Following the futuristic foul-ups of Valerian and the City of a Thousand Planets (2017), Luc Besson has returned to the kind of film that helped to make his name. Anna (Sasha Luss) is a secret agent who ends up walking a tightrope helping two opposing sides, fighting men and manhood on the way to her freedom. The hand of Besson crafting a femme-powered action movie draws immediate comparisons with La Femme Nikita (1990), but Anna lacks all the things that made the former such a unique watch. 

Photo by Shanna Besson

You would think a spy thriller set at the tail end of the Cold War should offer plenty in the action department, but Anna regularly forgets what kind of film it needs to be. The only three sustained action sequences (one of which is a montage, so does it really count?) are impressive but other than that, Besson opts for a restrained approach grounded in hostility and character interplay. It fatally backfires, because said characters are all second grade at best.

The cast fill the roles of a two-dimensional ensemble that you feel no attachment to, from Luke Evans’ peculiar sounding Russian agent to Cillian Murphy’s CIA shrink. Even Luss feels too robotic for much of the movie, given little to work with beyond daydreams of freedom and steely looks. Only Dame Helen Mirren, as a chain-smoking and spectacled KGB commander, feels like she is worth watching.
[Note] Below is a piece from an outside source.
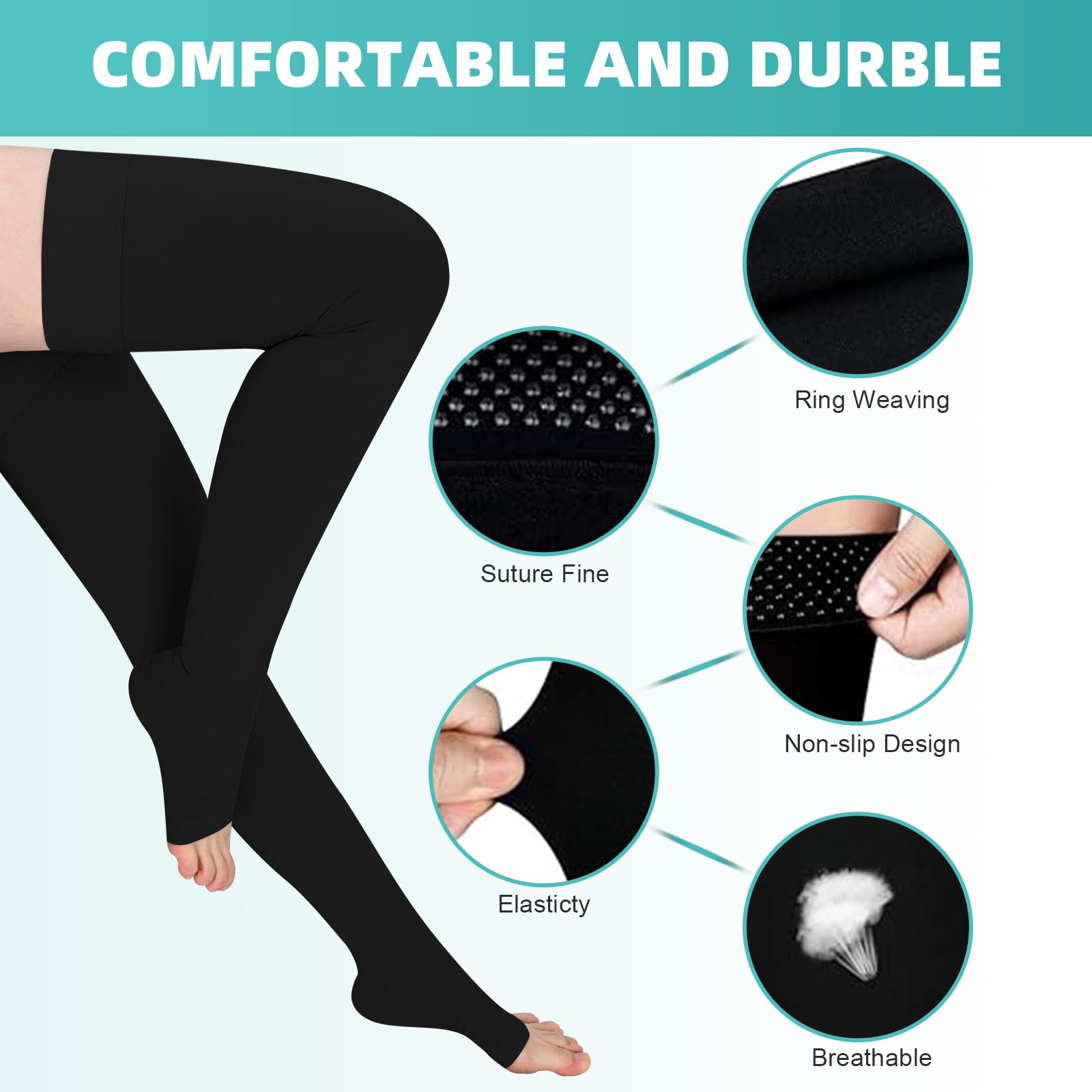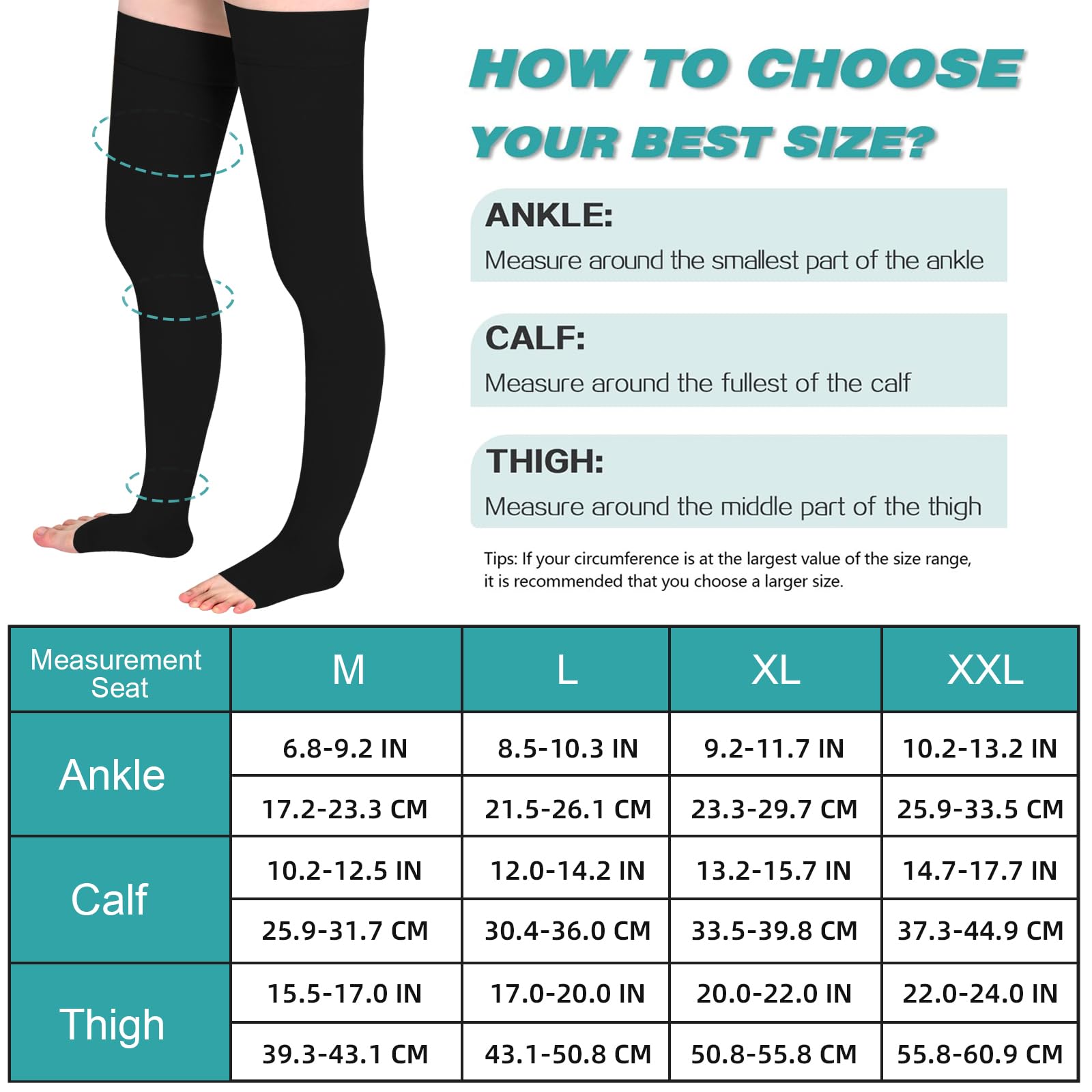 Evolyline 2 Pairs of Compression Stockings for Women & Men, Class II Thigh-Length Support Stockings Compression Socks for Air Travel Graduated Support

Beyond her, there is too little action to distract from a story that feels frustratingly shallow.

Anna seems like it is looking to be stylish and slick, but can’t work out how to do it. Even the moments that should at least look cool are framed in such a way that they leave you with nothing. Only fleetingly does Anna come close to realising its pulpy, stylish potential, and these moments are short-lived. In the age of John Wick, a franchise that knows exactly what it wants to do and how to make it look like a neon-dripped work of art, Anna just doesn’t stack up.

Photo by Shanna Besson

Instead of sucking you into the story as it unfolds, Besson’s non-linear script tries to be smart. The resulting time jumps stop being confusing after the third instance and just start getting on your nerves, replaying scenes you’ve seen before almost to remind you what a stupid decision this all was. Besson’s film is at its best when it keeps things simple – the restaurant scene from the trailer is by far the film’s best moment, because it temporarily casts aside all of the nonsense that forms the rest of the film and lets you revel in a satisfying, action-packed brawl. Anna for the most part tries too hard to be clever, and instead comes across as disappointingly stupid.

Anna tries and fails to leave a lasting impression beyond how ridiculous parts of the story feel. Any sense of empowerment in this female-led spy thriller is lost amidst a hanging fog of poor decisions and cardboard characters. Gone are the days when Luc Besson was the master of the stylish and thought-provoking thriller. Instead, the reminders of what he is capable of are drowned out by what his films have become.